Stored items from a collection:

• • • • •

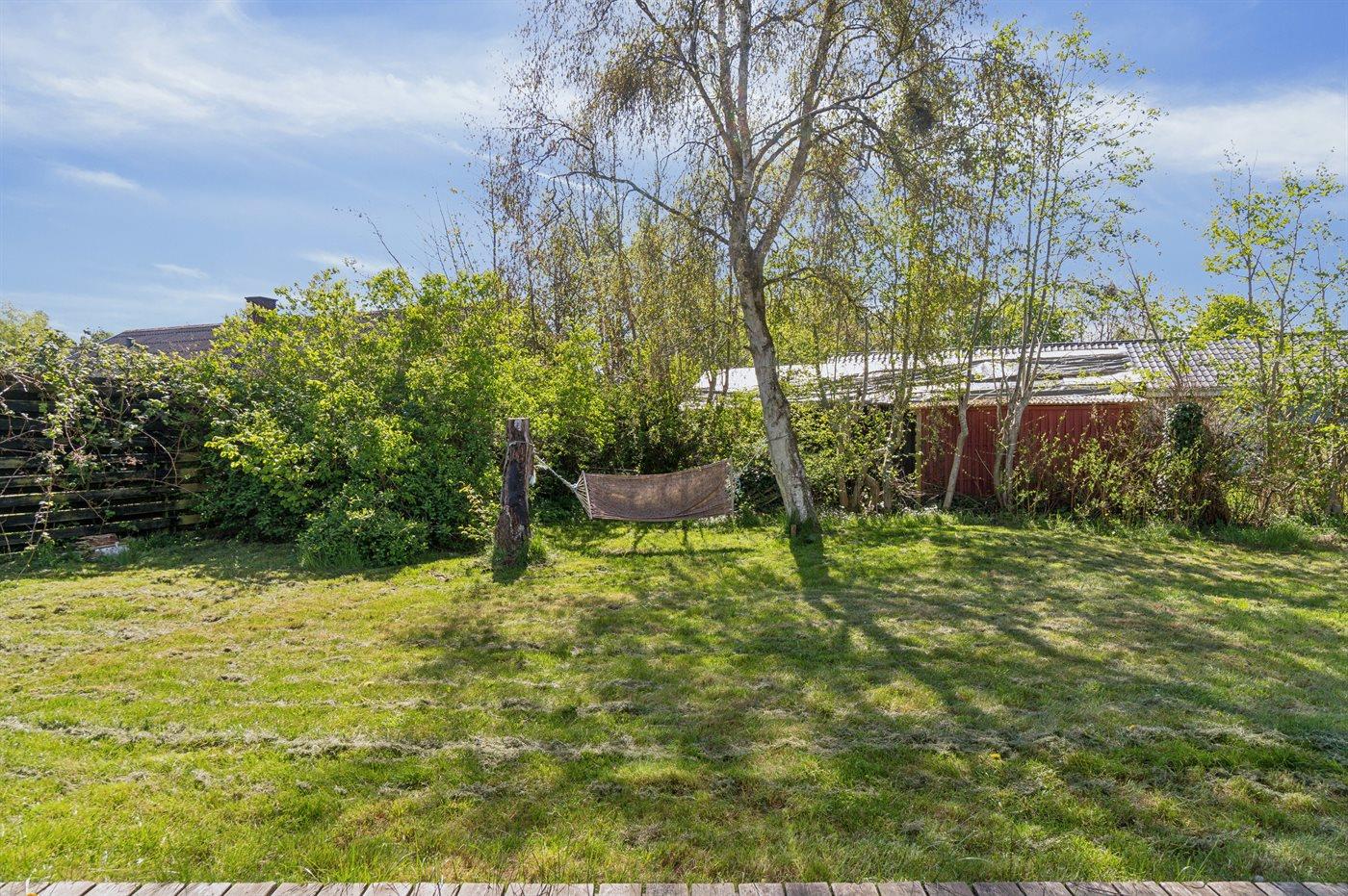 Hyggeligt sommerhus i Glesborg med have, terrasse og kun 300 meter til børnevenlig strand.
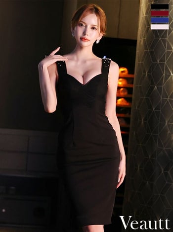 XSあり!上品なオーラを放つ一着♪ 【Veautt/ヴュート】オープンバスト ノースリーブ ジップデザイン ショルダービジュー メッシュ セクシー 膝丈ドレス (VT082413)
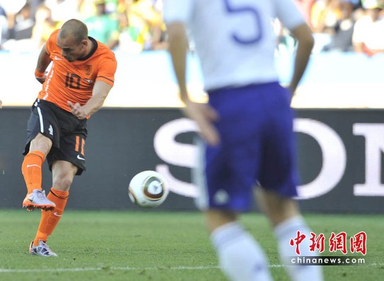 在經(jīng)歷了多半場比賽的僵持后,第53分鐘,“橙衣軍團(tuán)”終于撕開對手防線,范佩西回做,斯內(nèi)德禁區(qū)外沒有停球直接大力遠(yuǎn)射,日本門將川島永嗣奮力撲救,足球碰到他的左臂彈進(jìn)網(wǎng)窩,1比0,荷蘭隊取得勝利。
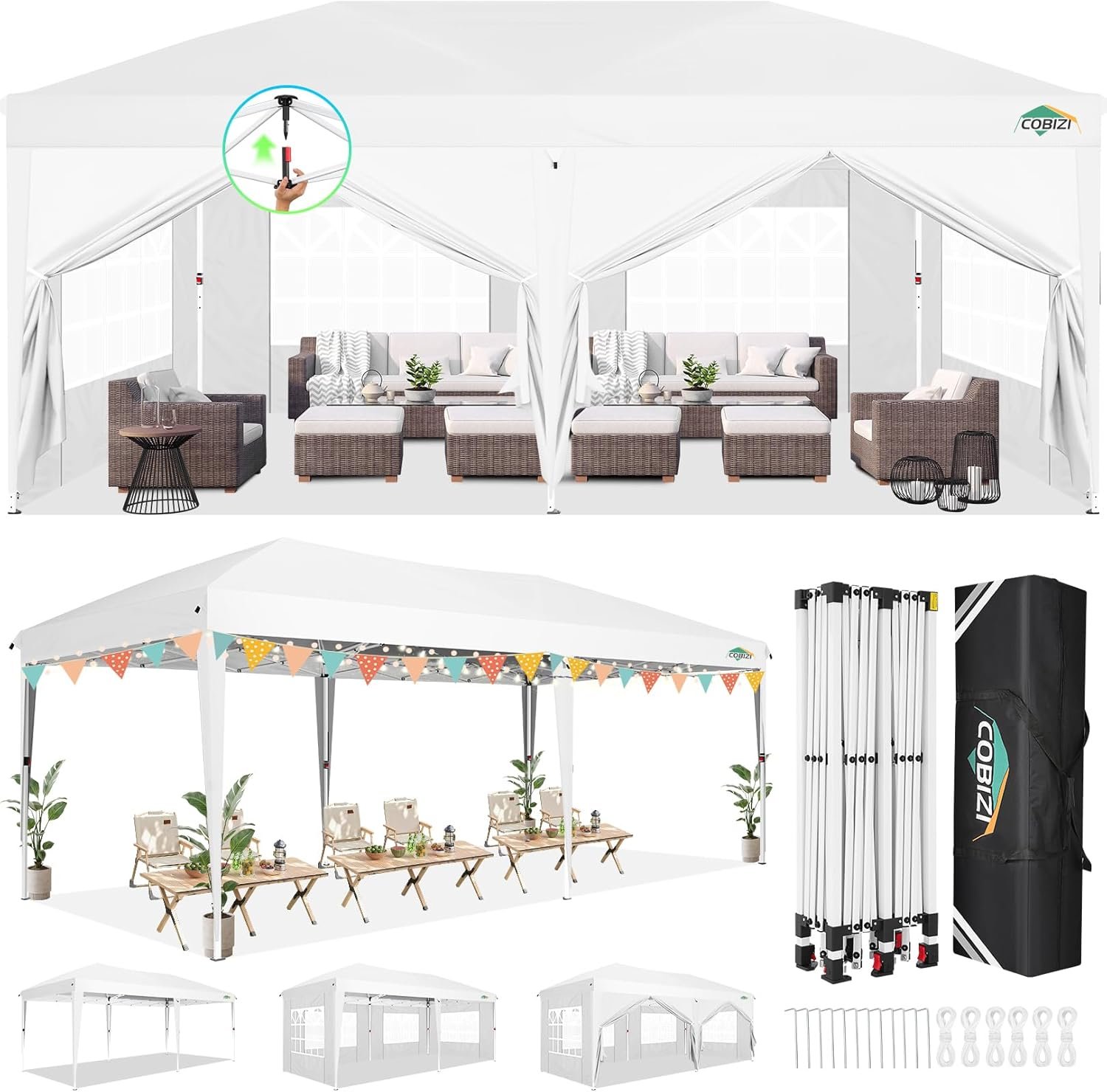 COBIZI offers high-quality outdoor canopies, specifically the 10×30 Pop Up Canopy Tent with 8 sidewalls, ideal for camping, market events, and parties. Featuring easy setup without tools, it includes 99.99% waterproof fabric and UV protection. The spacious tent accommodates 10-15 people, with adjustable heights and removable sidewalls for customization. Each package comes complete with a folding shelter, sidewalls, ropes, stakes, and a carry bag. COBIZI prioritizes customer satisfaction with a professional support team available to assist within 24 hours. Trust COBIZI for durable and versatile outdoor solutions.
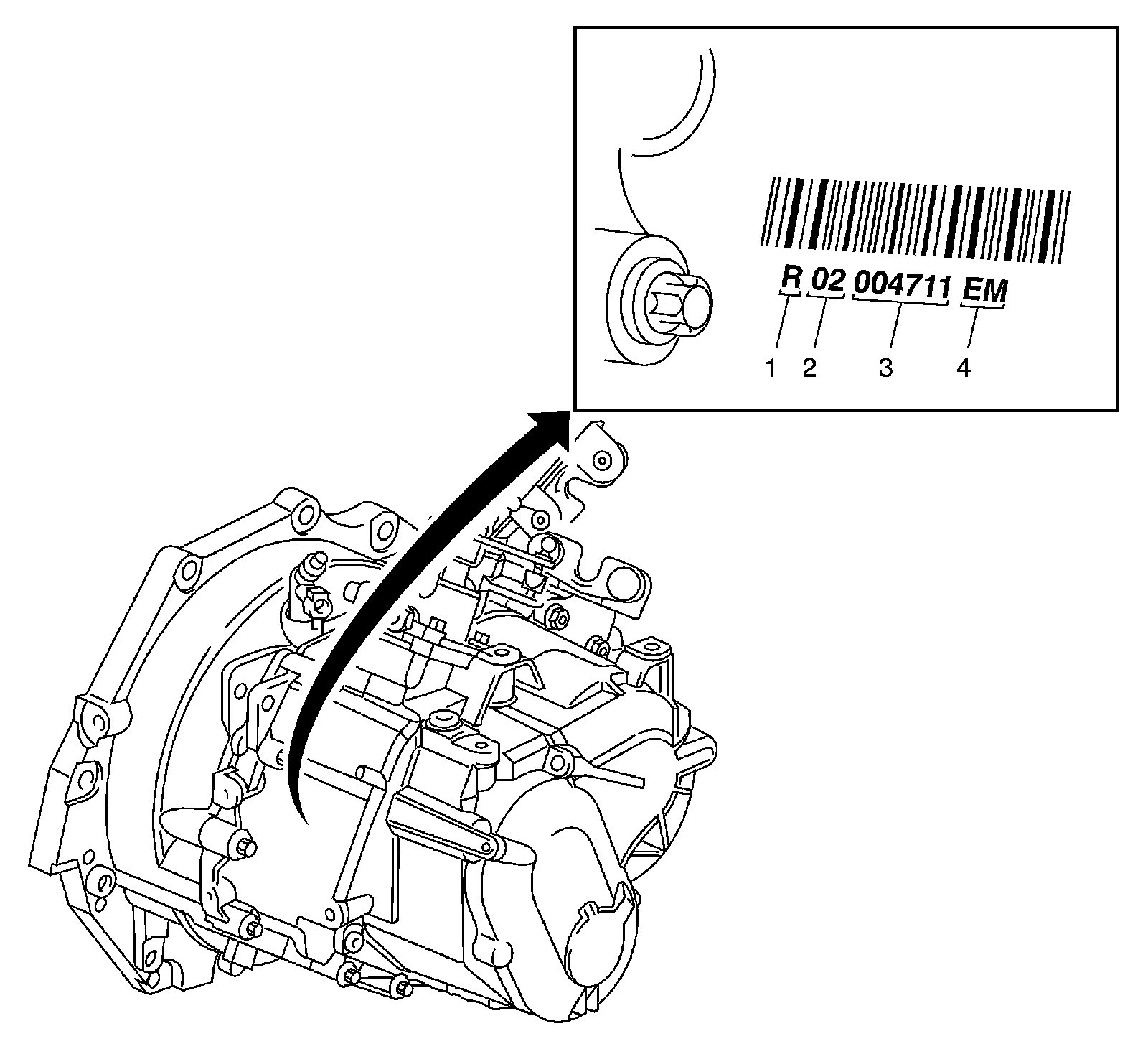 The code for the F40-6 transmission is located at the front of the transmission housing.

• • • • •

### What this task involves
Please set down exactly the lines from the one holding "XSあり!上品なオーラを放つ一着♪ 【Veautt/ヴュート】オープンバスト ノースリーブ" through the last line of the entries, both ends included, and skip pictures.

### Solution
 XSあり!上品なオーラを放つ一着♪ 【Veautt/ヴュート】オープンバスト ノースリーブ ジップデザイン ショルダービジュー メッシュ セクシー 膝丈ドレス (VT082413)
 在經(jīng)歷了多半場比賽的僵持后,第53分鐘,“橙衣軍團(tuán)”終于撕開對手防線,范佩西回做,斯內(nèi)德禁區(qū)外沒有停球直接大力遠(yuǎn)射,日本門將川島永嗣奮力撲救,足球碰到他的左臂彈進(jìn)網(wǎng)窩,1比0,荷蘭隊取得勝利。
 COBIZI offers high-quality outdoor canopies, specifically the 10×30 Pop Up Canopy Tent with 8 sidewalls, ideal for camping, market events, and parties. Featuring easy setup without tools, it includes 99.99% waterproof fabric and UV protection. The spacious tent accommodates 10-15 people, with adjustable heights and removable sidewalls for customization. Each package comes complete with a folding shelter, sidewalls, ropes, stakes, and a carry bag. COBIZI prioritizes customer satisfaction with a professional support team available to assist within 24 hours. Trust COBIZI for durable and versatile outdoor solutions.
 The code for the F40-6 transmission is located at the front of the transmission housing.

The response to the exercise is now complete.